11.4 During the Guarantee Period, we will provide reasonable assistance to you in making any guarantee or warranty claim against the manufacturer of the System, including by acting as your liaison with the manufacturer.
12. What happens if you fail to perform this agreement
12.1 If you:
a. fail to pay any amount when due; or
b. fail to perform your obligations in clause 8,
then we may suspend our performance of this agreement with immediate effect, and will give you a notice asking you to make the required payment or perform the required obligation.
12.2 If you fail to make the required payment or perform the required obligation within one week after the date of our notice, then we may end this agreement immediately by notice to you.
12.3 If we end this agreement under clause 14.2, you must pay us any costs we incur as a result of ending the agreement, and any costs we have already incurred in respect of the delivery or installation of the System.
13.1 All amounts specified in the Quote are inclusive of GST.
14.1 Any notice under this agreement must be in writing and signed by the sender or by an authorised representative of the sender and sent to or left at the address of the addressee in the Schedule or, if the addressee has previously notified the sender in writing of an alternative address for notices, that alternative address.
14.2 If the delivery or receipt of a notice occurs on a day which is not a Business Day or at a time after 5.00 pm in the place of receipt, it is regarded as having been received at 9.00am on the following Business Day.

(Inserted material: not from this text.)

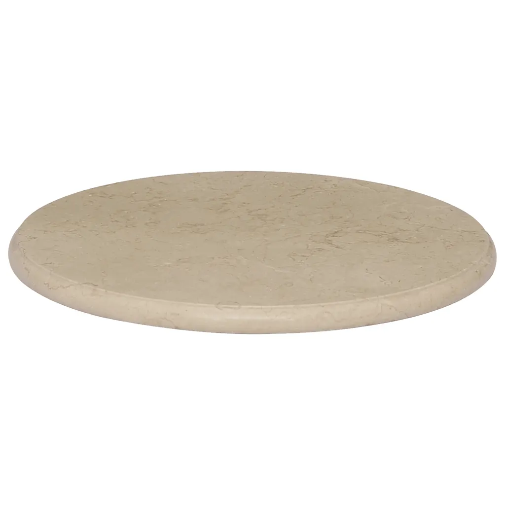 Kreemjasvalge marmorist ümar lauaplaat on lihtne lahendus, kui soovid olemasolevat söögilauda, kohvilauda või aialauda värskendada. 50 cm läbimõõduga ja 2,5 cm paksune plaat pakub stabiilset pinda ning marmorist materjal on vastupidav ja niiske lapiga kergesti puhastatav.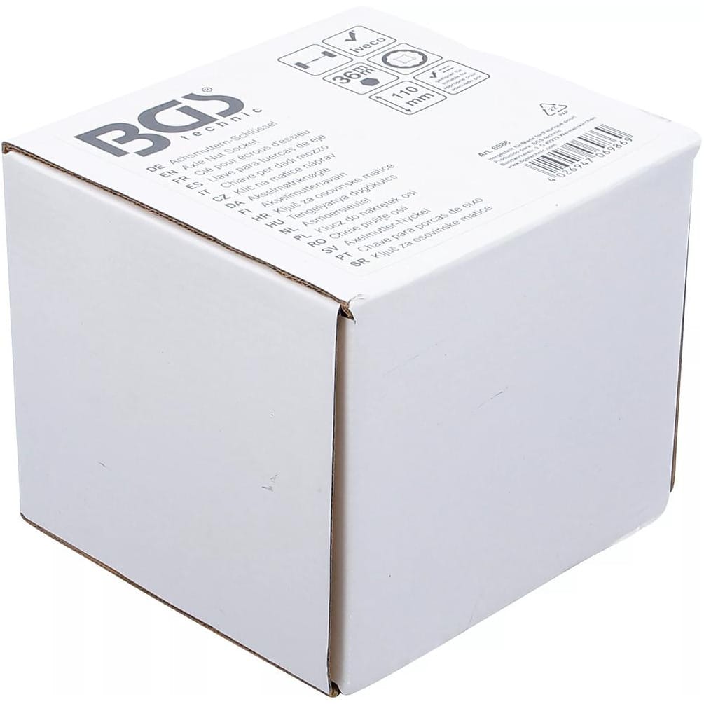 La clé pour écrous d’essieu BGS de 110 mm est un outil professionnel conçu spécialement pour le démontage et le montage des écrous d’essieu à douze pans, compatible avec les véhicules Iveco. Fabriquée pour offrir une grande précision et une robustesse optimale, cette clé facilite les opérations de maintenance et de réparation sur les essieux, garantissant un travail sûr et efficace.Caractéristiques principales

15.1 We may sub-contract any of our obligations under this agreement to a third party, provided that:
a. if we sub-contract any obligations:
i. we will ensure the relevant sub-contractor is suitable and performs all sub-contracted obligations in accordance with the requirements of this agreement;
ii. we will continue to be liable to you for the performance of our obligations under this agreement, even though we have sub-contracted one or more of those obligations; and
iii. we will be liable to you for the acts and omissions of our sub-contractors, as if these acts and omissions were our own; and
b. our obligations in relation to the design or installation of the System can only be sub-contracted to a CEC-Accredited Installer.
16. Amendment of the agreement
16.1 This Agreement can only be amended in writing signed by both parties.
17.1 A waiver in connection with this agreement is not valid or binding on the party granting that waiver unless made in writing by that party.
18.1 Any term of this agreement which is or becomes invalid or unenforceable does not render the other terms of the agreement invalid or unenforceable.
19. Governing law of the agreement and submission to jurisdiction
19.1 This agreement is governed by the laws of South Australia, Australia. Any dispute, controversy, proceeding or claim of whatever nature arising out of or in any way relating to the agreement and the rights created hereby shall be governed, interpreted and construed by, under and pursuant to the laws of South Australia, Australia, without reference to conflict of law principles, notwithstanding mandatory rules. The validity of this governing law clause is not contested.